Question

Consider a star of mass $m_2$ kg revolving in a circular orbit around another star of mass $m_1$ kg with $m_1 >> m_2$. The heavier star slowly acquires mass from the lighter star at a constant rate of $\gamma$ kg/s. In this transfer process, there is no other loss of mass.
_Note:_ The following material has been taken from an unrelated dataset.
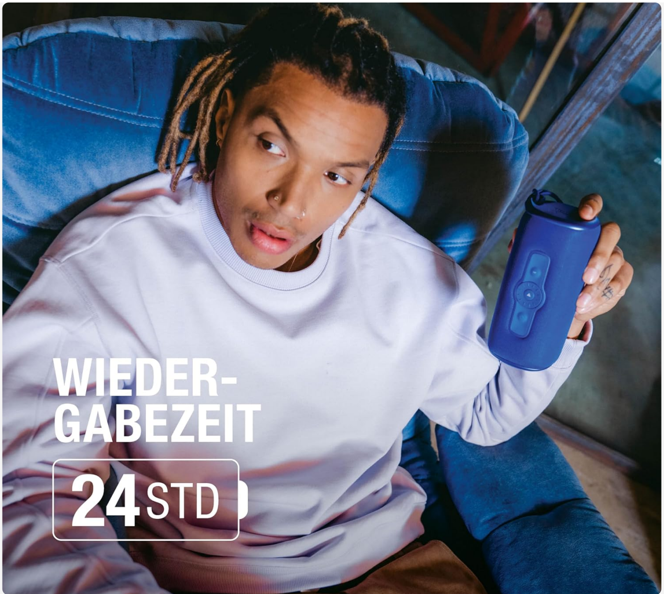
Image: A person holding the Bold M2 speaker, with text overlay highlighting "24 Hours Playtime," demonstrating the speaker's long battery life.

If the separation between the centers of the stars is $r$, then its relative rate of change $\frac{1}{r}\frac{dr}{dt}$ (in $s^{-1}$) is given by:

• A. $-\frac{3\gamma}{2m_2}$
• B. $-\frac{2\gamma}{m_2}$
• C. $-\frac{2\gamma}{m_1}$
• D. $-\frac{3\gamma}{2m_1}$

Answer 1

Answer: (B)

$-\frac{2\gamma}{m_2}$

Answer 2

Assume the question intends mass transfer from the heavier star ($m_1$) to the lighter star ($m_2$) at rate $\gamma$, so $\frac{dm_1}{dt} = -\gamma$ and $\frac{dm_2}{dt} = \gamma$. Assuming the angular momentum of the lighter star orbiting the heavier star $L = m_2 \sqrt{G m_1 r}$ is conserved, differentiate $L$ with respect to time and set to zero. This leads to $\frac{1}{r}\frac{dr}{dt} = \frac{\gamma}{m_1} - \frac{2\gamma}{m_2}$. Given $m_1 >> m_2$, the term $\frac{\gamma}{m_1}$ is negligible compared to $-\frac{2\gamma}{m_2}$, so $\frac{1}{r}\frac{dr}{dt} \approx -\frac{2\gamma}{m_2}$. This matches option (B). Alternatively, assuming conservation of total angular momentum $L_{tot} = \frac{m_1 m_2}{m_1 + m_2} \sqrt{G(m_1+m_2)r}$ for mass transfer from $m_1$ to $m_2$, we get $\frac{1}{r} \frac{dr}{dt} = 2\gamma \left(\frac{1}{m_1} - \frac{1}{m_2}\right)$, which simplifies to $-\frac{2\gamma}{m_2}$ for $m_1 >> m_2$.